Activity>
Within the lines below, the span from the line with "- DELETE时,保存当前事务版本号为行的删除版本号" to the line with "Immunofluorescence analysis of", both ends included, is to be reproduced exactly, with pictures omitted.

Data for review>
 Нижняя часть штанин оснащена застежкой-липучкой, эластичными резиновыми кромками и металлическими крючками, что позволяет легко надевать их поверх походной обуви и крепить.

---

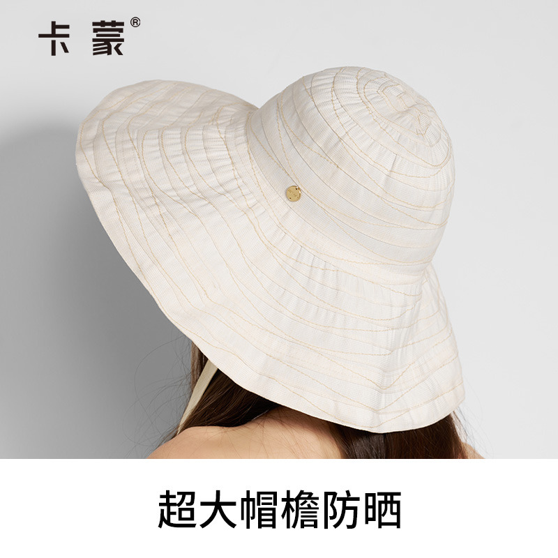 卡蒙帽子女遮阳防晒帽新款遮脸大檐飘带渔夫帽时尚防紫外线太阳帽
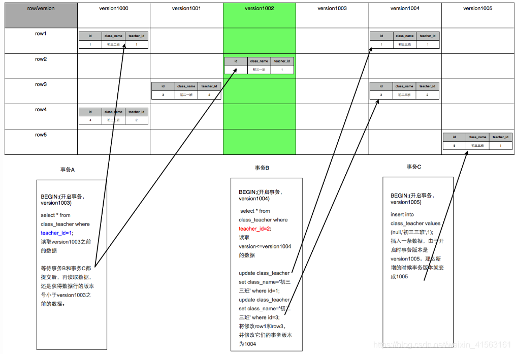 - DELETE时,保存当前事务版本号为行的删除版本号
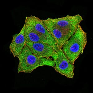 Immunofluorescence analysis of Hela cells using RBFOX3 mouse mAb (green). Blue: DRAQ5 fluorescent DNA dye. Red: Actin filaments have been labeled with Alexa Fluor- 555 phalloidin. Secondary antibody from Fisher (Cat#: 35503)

...

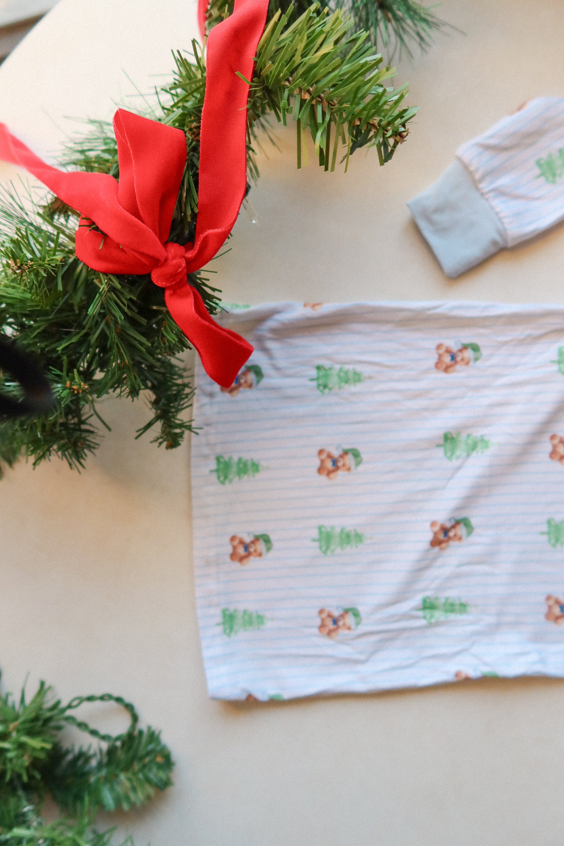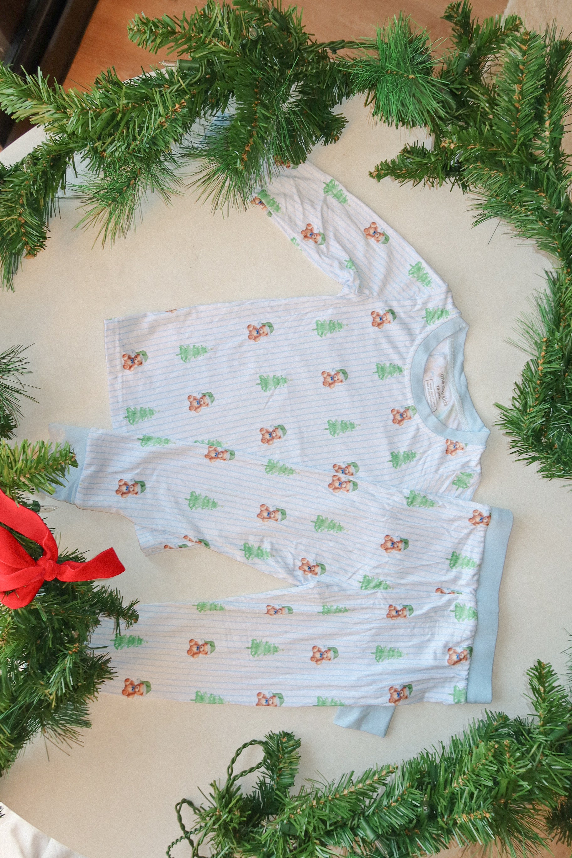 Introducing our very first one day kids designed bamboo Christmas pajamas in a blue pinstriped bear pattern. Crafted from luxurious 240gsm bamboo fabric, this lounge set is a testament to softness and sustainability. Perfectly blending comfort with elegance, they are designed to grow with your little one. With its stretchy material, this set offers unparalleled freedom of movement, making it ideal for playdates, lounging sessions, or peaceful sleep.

Solution to this problem>
 - DELETE时,保存当前事务版本号为行的删除版本号
 Immunofluorescence analysis of Hela cells using RBFOX3 mouse mAb (green). Blue: DRAQ5 fluorescent DNA dye. Red: Actin filaments have been labeled with Alexa Fluor- 555 phalloidin. Secondary antibody from Fisher (Cat#: 35503)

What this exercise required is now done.